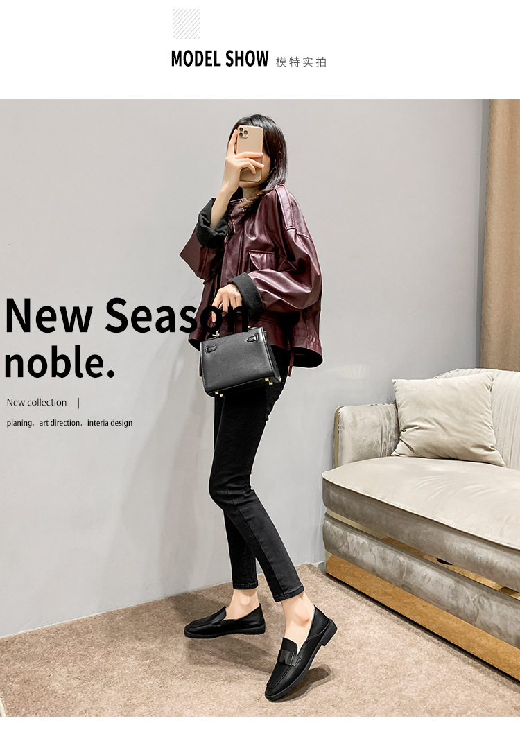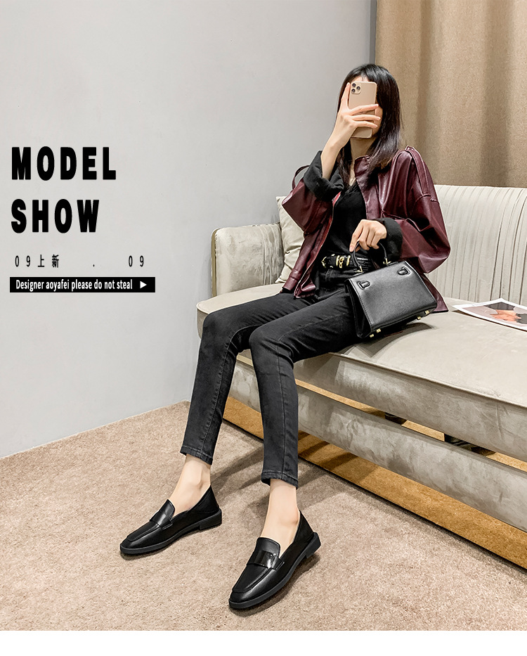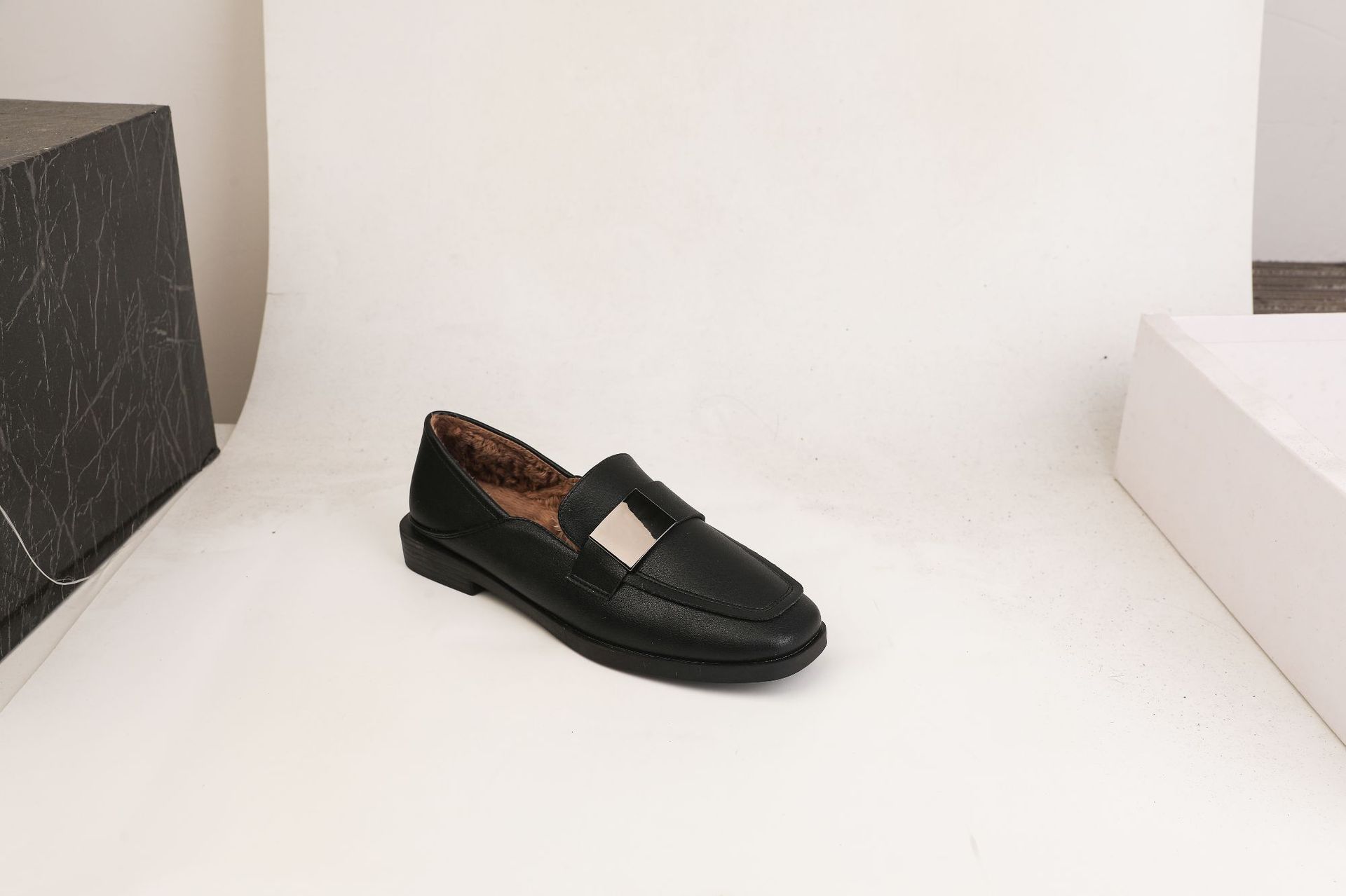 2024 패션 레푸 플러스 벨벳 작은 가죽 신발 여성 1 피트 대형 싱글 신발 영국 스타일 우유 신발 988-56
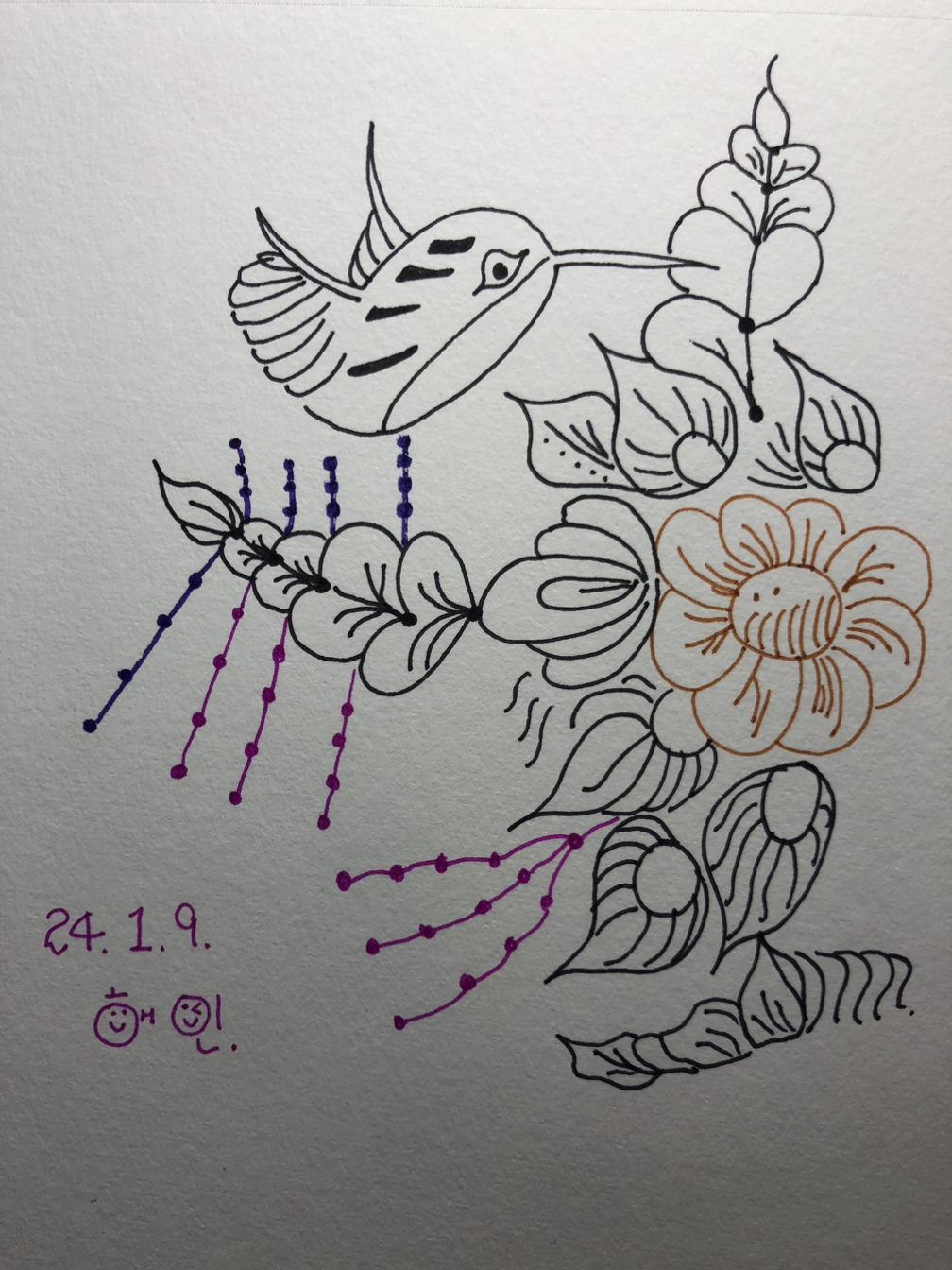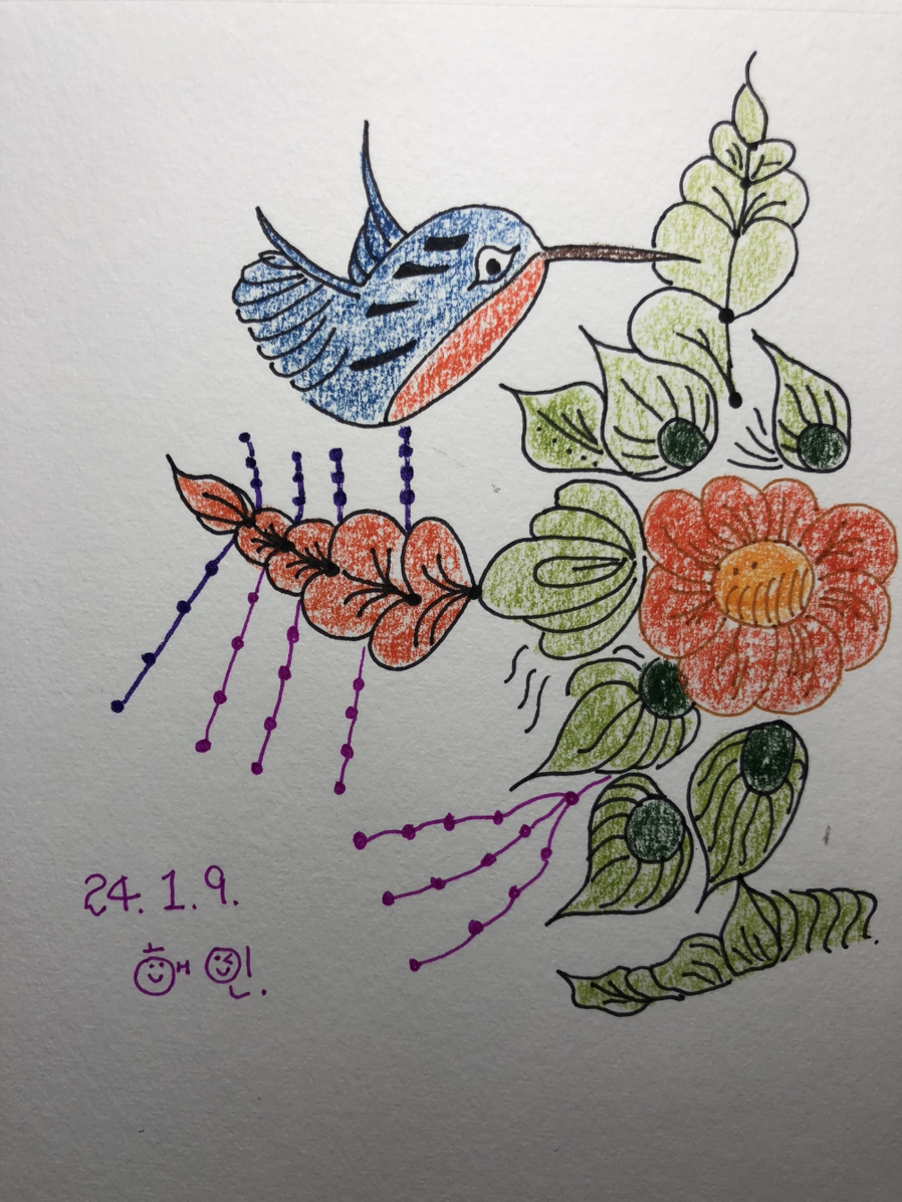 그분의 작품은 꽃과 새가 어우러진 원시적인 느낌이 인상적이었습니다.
--
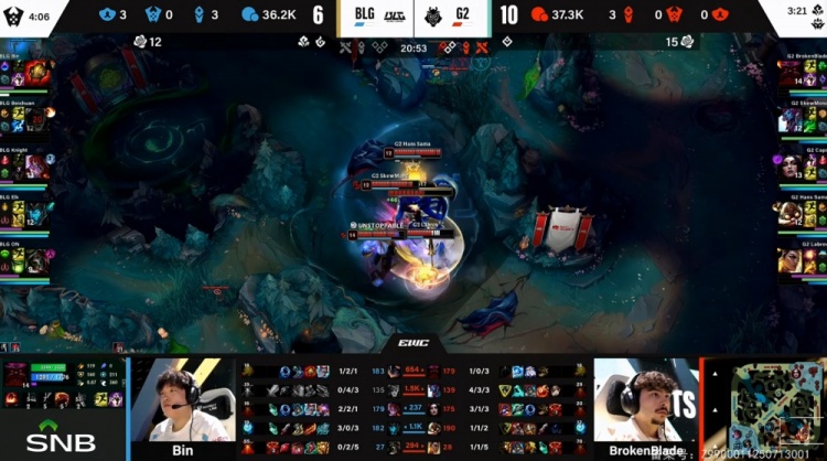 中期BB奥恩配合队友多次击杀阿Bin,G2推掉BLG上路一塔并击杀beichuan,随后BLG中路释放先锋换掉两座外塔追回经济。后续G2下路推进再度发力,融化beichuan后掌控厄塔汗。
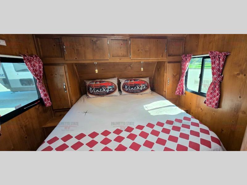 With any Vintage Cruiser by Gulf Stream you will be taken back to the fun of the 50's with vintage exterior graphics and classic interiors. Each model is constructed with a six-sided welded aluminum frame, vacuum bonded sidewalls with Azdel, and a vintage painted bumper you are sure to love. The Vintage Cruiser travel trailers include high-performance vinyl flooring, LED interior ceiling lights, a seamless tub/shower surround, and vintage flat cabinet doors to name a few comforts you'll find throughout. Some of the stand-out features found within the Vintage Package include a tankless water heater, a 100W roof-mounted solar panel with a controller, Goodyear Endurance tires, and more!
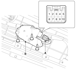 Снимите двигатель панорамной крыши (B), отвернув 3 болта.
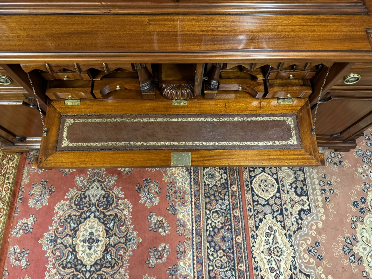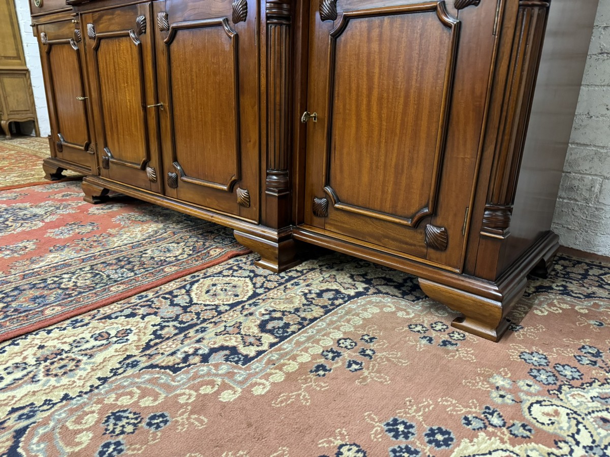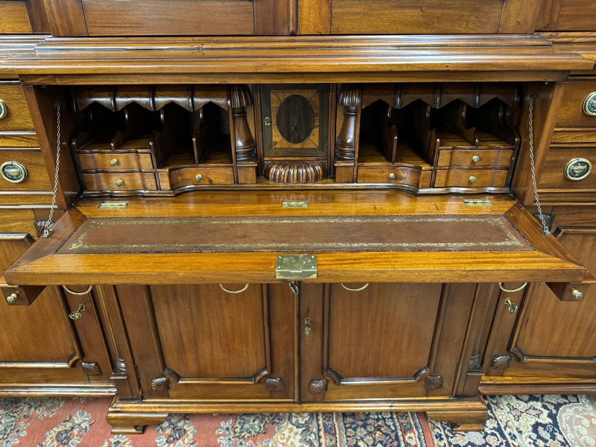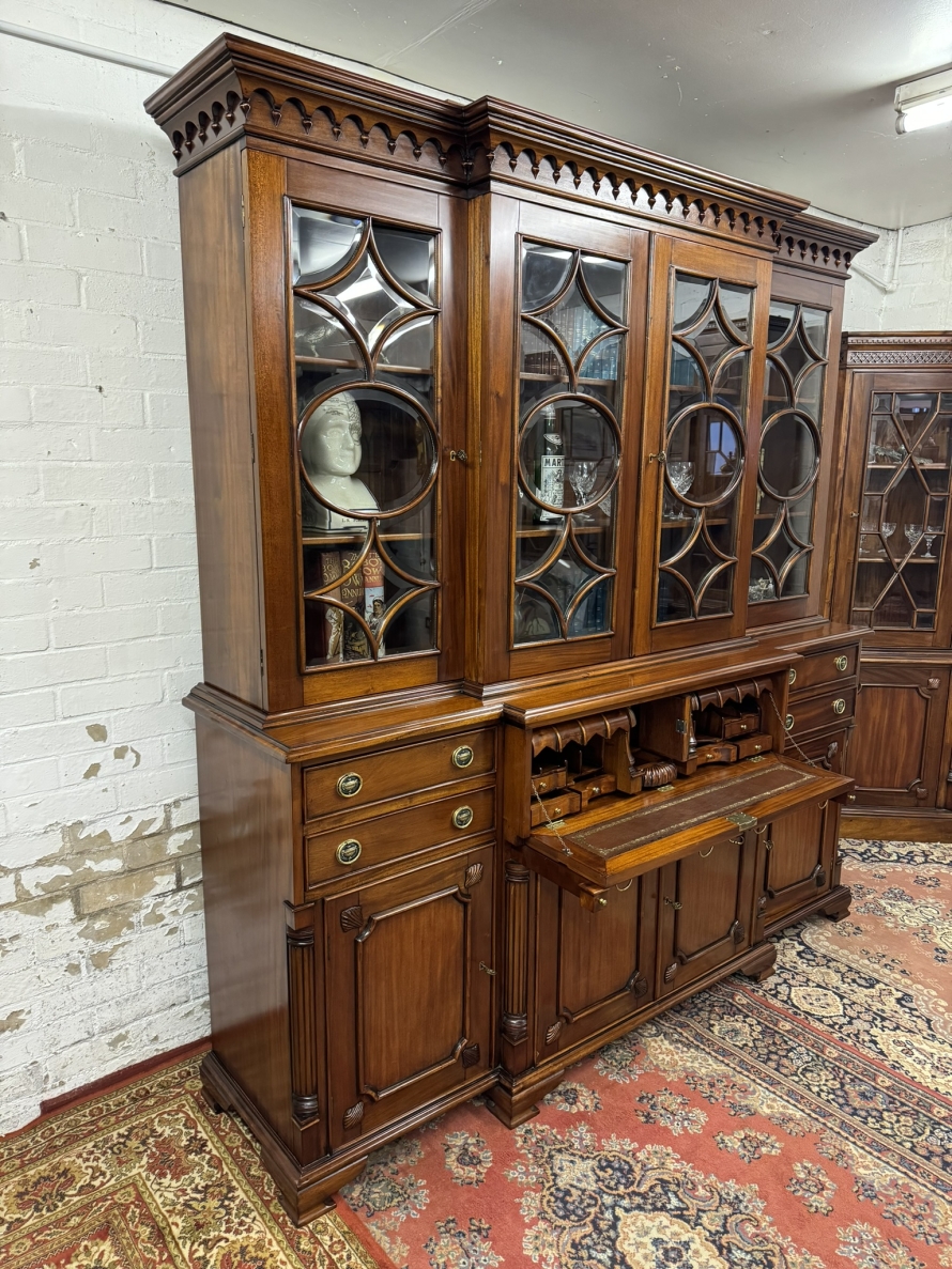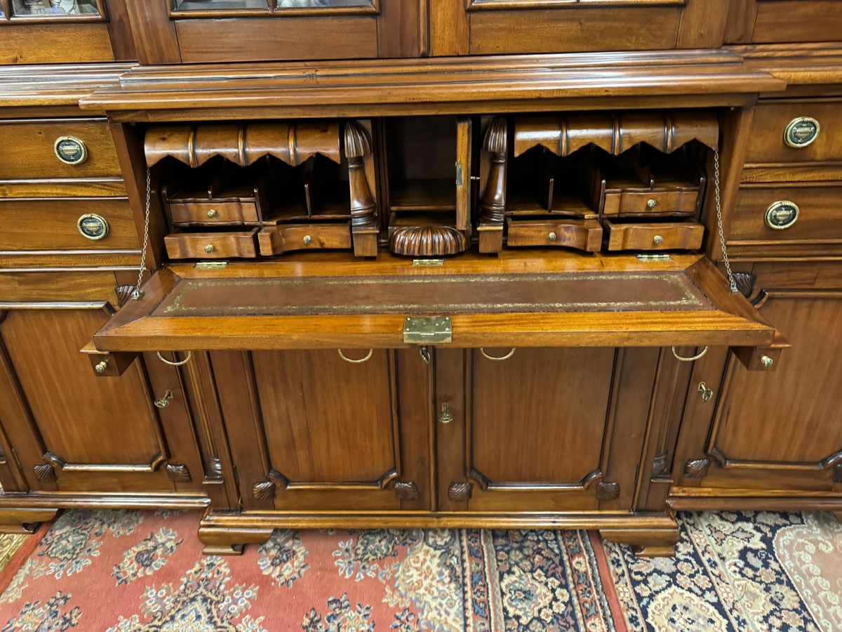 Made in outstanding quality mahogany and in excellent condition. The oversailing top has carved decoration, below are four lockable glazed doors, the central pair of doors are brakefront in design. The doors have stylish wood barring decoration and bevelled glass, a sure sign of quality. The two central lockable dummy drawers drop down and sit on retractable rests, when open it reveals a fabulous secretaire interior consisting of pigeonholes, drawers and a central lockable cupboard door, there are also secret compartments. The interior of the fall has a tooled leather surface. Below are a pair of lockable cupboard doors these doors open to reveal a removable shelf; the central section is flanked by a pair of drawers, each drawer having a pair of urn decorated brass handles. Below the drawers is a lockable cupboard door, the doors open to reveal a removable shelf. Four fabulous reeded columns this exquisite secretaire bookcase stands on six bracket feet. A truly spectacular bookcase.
* * *
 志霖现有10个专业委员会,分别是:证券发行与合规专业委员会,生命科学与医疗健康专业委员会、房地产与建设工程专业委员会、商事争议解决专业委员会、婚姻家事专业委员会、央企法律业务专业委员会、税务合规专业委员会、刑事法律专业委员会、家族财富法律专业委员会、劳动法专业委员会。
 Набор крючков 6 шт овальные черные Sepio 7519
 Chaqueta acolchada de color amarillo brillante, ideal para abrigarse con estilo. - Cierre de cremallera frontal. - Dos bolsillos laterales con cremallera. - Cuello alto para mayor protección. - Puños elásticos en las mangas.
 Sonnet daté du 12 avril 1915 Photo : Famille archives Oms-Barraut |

### INSTRUCTIONS TO FOLLOW
Give back, exactly and without pictures, the stretch of the records above from the line containing "中期BB奥恩配合队友多次击杀" through the line containing "Снимите двигатель панорамной", with both end lines included.

### PROBLEM SOLUTION
 中期BB奥恩配合队友多次击杀阿Bin,G2推掉BLG上路一塔并击杀beichuan,随后BLG中路释放先锋换掉两座外塔追回经济。后续G2下路推进再度发力,融化beichuan后掌控厄塔汗。
 With any Vintage Cruiser by Gulf Stream you will be taken back to the fun of the 50's with vintage exterior graphics and classic interiors. Each model is constructed with a six-sided welded aluminum frame, vacuum bonded sidewalls with Azdel, and a vintage painted bumper you are sure to love. The Vintage Cruiser travel trailers include high-performance vinyl flooring, LED interior ceiling lights, a seamless tub/shower surround, and vintage flat cabinet doors to name a few comforts you'll find throughout. Some of the stand-out features found within the Vintage Package include a tankless water heater, a 100W roof-mounted solar panel with a controller, Goodyear Endurance tires, and more!
 Снимите двигатель панорамной крыши (B), отвернув 3 болта.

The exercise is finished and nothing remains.